🤖 AI Summary
This work addresses the high cost of training small language models from scratch and the limited scalability of conventional knowledge distillation, which requires repeated calls to a large teacher model when adapting to student models of varying sizes. The authors propose Chain-Bridged Distillation (CBD), a novel approach that constructs a sparse chain of intermediate anchor models to enable efficient knowledge transfer from a large language model to arbitrarily sized smaller models. CBD introduces, for the first time, a distillation chain combined with bridging distillation mechanisms, supporting cross-architecture and cross-vocabulary parameter interpolation for initialization without re-invoking the large teacher.
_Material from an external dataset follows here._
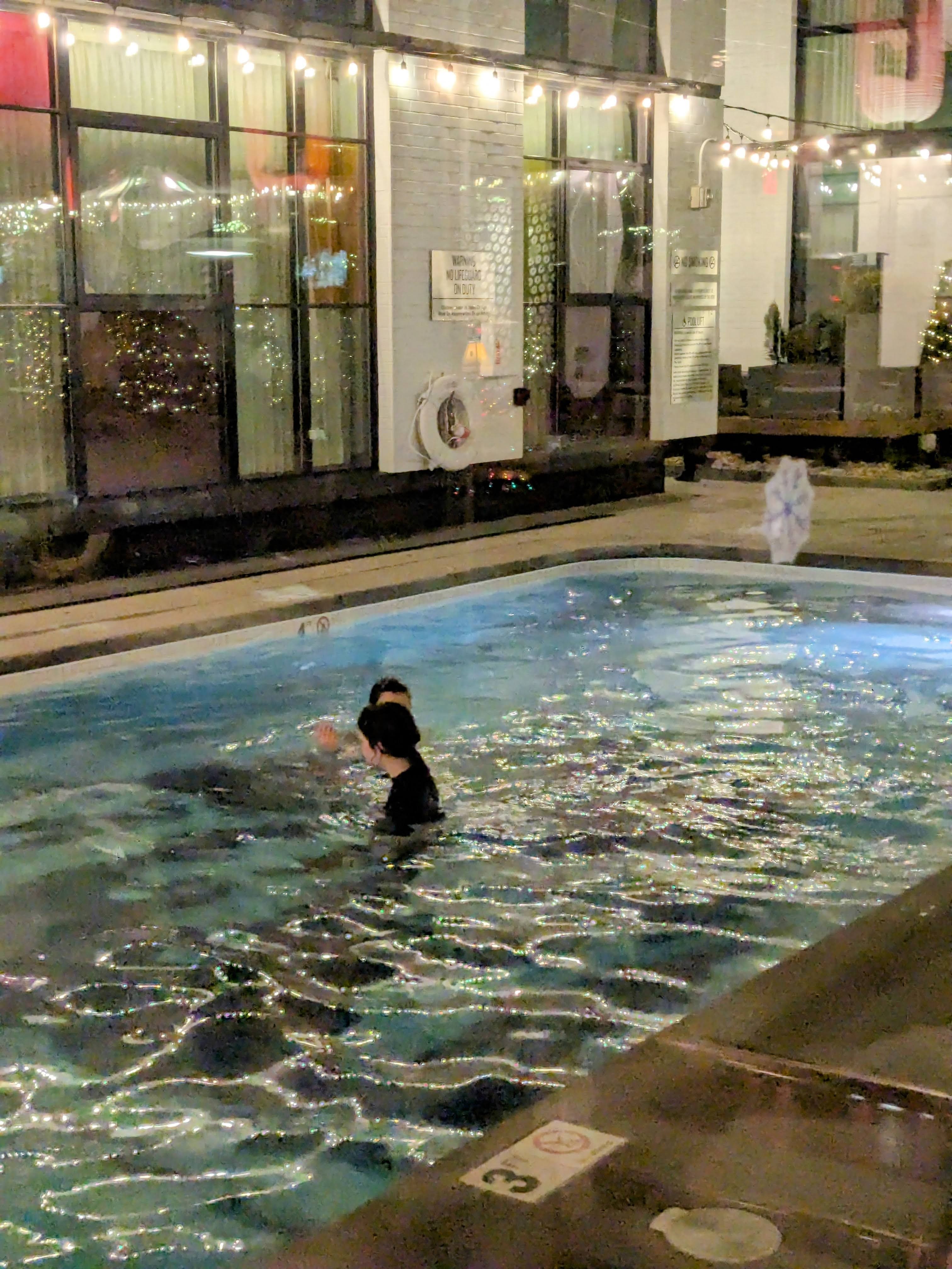 We were told that the water was heated to 95 degrees F, but the air temperature (in the 30s F) was too intimidating for us. Besides, we had not packed bathing suits!

Experiments demonstrate that, using only 10B tokens of data, a 138M-parameter model trained via CBD surpasses fully pre-trained baselines without any pretraining and achieves significant gains in downstream task performance and training efficiency under heterogeneous architectures and vocabularies.
📝 Abstract
Large language models (LLMs) achieve strong performance but remain costly to deploy in resource-constrained settings. Training small language models (SLMs) from scratch is computationally expensive, while conventional knowledge distillation requires repeated access to large teachers for different target sizes, leading to poor scalability. To solve these problems, we propose \textbf{Chain-based Distillation (CBD)}, a scalable paradigm for efficiently initializing variable-sized language models. A sparse and limited sequence of intermediate models (called anchors) is constructed via stepwise distillation, forming a distillation chain that progressively transfers knowledge from the source LLMs. To support heterogeneous settings, we introduce \emph{bridge distillation} for cross-architecture and cross-vocabulary transfer. Models of variable sizes are initialized via parameter interpolation between adjacent anchors, eliminating repeated large teacher inference. Experiments show that the proposed method substantially improves efficiency and downstream performance. A 138M-parameter SLM without recovery pre-training, outperforms scratch-trained models on a 10B-token corpus on the specific task. CBD also demonstrates versatility in heterogeneous settings for initialize models with different architectures and vocabularies.